> WHAT THE EXERCISE ASKS: In the material below, find the line with "рельефы и т.п.)."; set down that line and every line after it to the end, exactly, without pictures.

> SOURCE DATA:
-- Opening Marker --

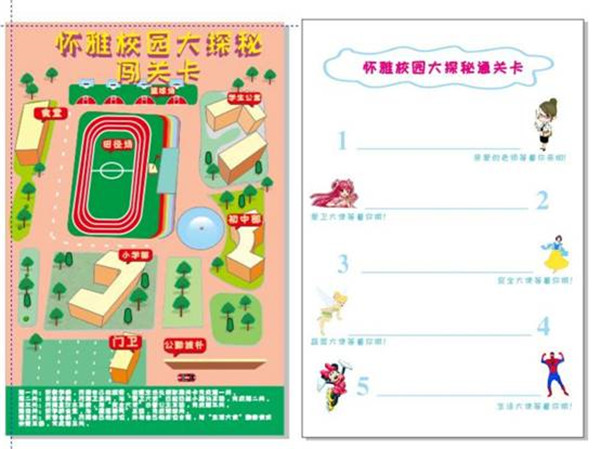 很快,我和我的小伙伴在分班榜上找到了自己的名字,開心地向教室走去。咚咚……“老師,我可以進(jìn)來嗎?”小朋友們順利地通過了“懷雅校園大探秘闖關(guān)的第一關(guān)”——找到自己的班級(jí)。此時(shí)活潑好動(dòng)的我們?nèi)粵]有了最開始的羞澀,立刻到班主任處報(bào)到并領(lǐng)取了懷雅校園大探秘闖關(guān)卡,班主任老師在闖關(guān)卡的第一關(guān)上蓋上可愛的闖關(guān)印章,隨后全身心投入到了愉快地校園闖關(guān)活動(dòng)中了。
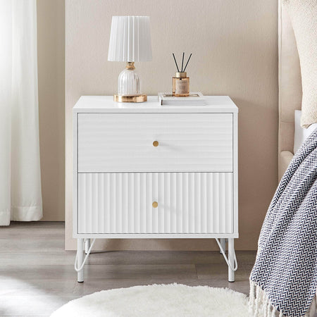 Step into a realm of unique modern luxury with the Sarantino Diego Bedside Table. Its wavy fluted design adds a touch of unique artistic flair to your bedroom, making a bold statement. The golden drawer handles provide an elegant contrast, while the white powder-coated metal base exudes contemporary charm. Practicality meets style with spacious drawers for seamless organisation. Supported by sturdy metal legs, this piece provides a strong foundation. Elevate your sleeping space with the Diego Bedside Table.
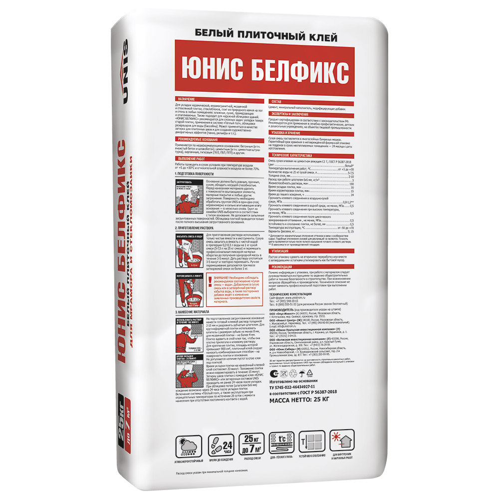 «ЮНИС БЕЛФИКС» рекомендуется для сложных задач: укладки поверх старой плитки, применения в системе «Тёплый пол», облицовки резервуаров для воды (бассейны). Может применяться в качестве затирки для плиточных швов и для создания художественно- декоративных эффектов (панно, рельефы и т.п.).
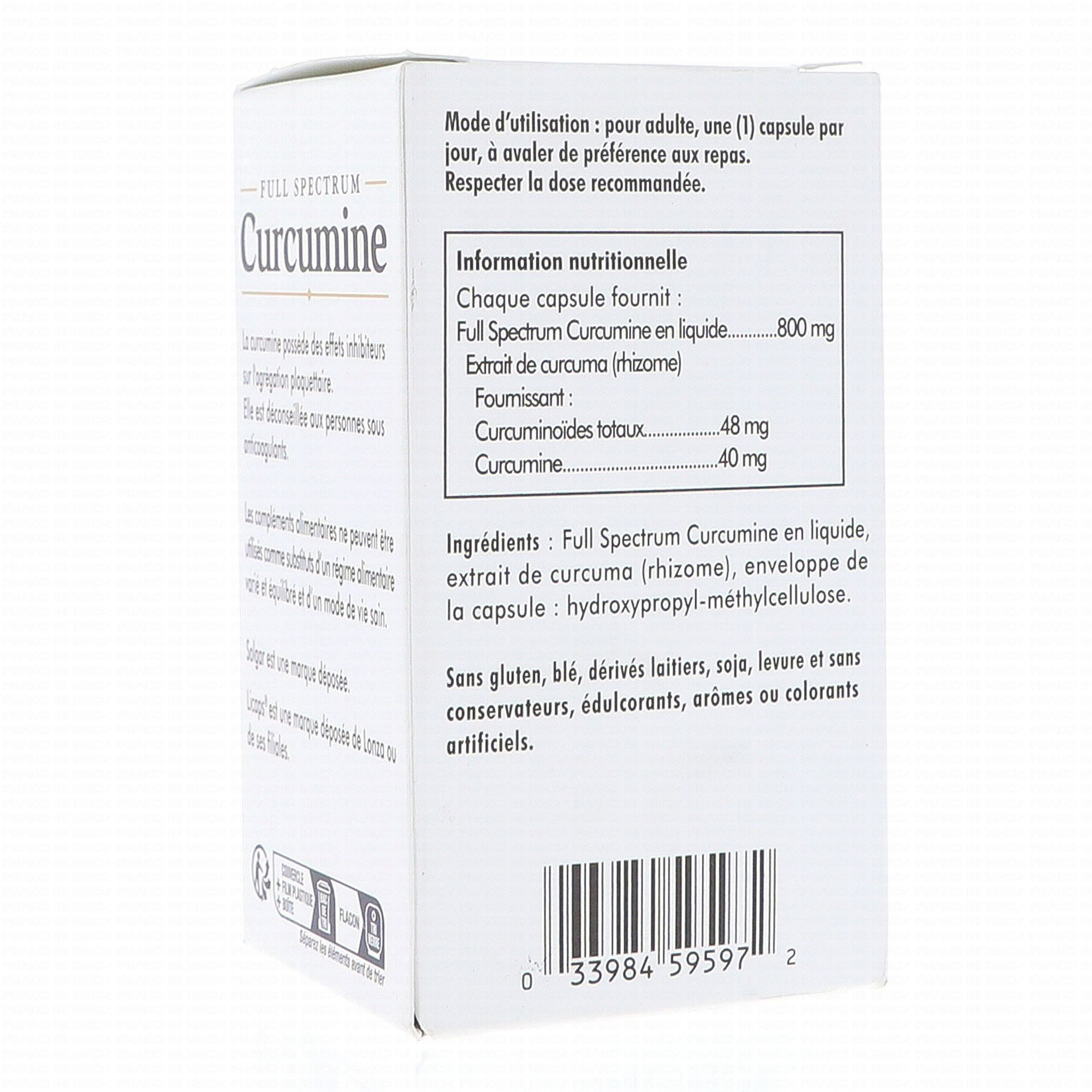 Full Spectrum curcumine (polysorbate 80 (émulsifiant), extrait de curcuma (Curcuma longa [rhizome]), Gélatine, Glycérine Végétale.

-- Closing Marker --

> WRITTEN RESPONSE:
 «ЮНИС БЕЛФИКС» рекомендуется для сложных задач: укладки поверх старой плитки, применения в системе «Тёплый пол», облицовки резервуаров для воды (бассейны). Может применяться в качестве затирки для плиточных швов и для создания художественно- декоративных эффектов (панно, рельефы и т.п.).
 Full Spectrum curcumine (polysorbate 80 (émulsifiant), extrait de curcuma (Curcuma longa [rhizome]), Gélatine, Glycérine Végétale.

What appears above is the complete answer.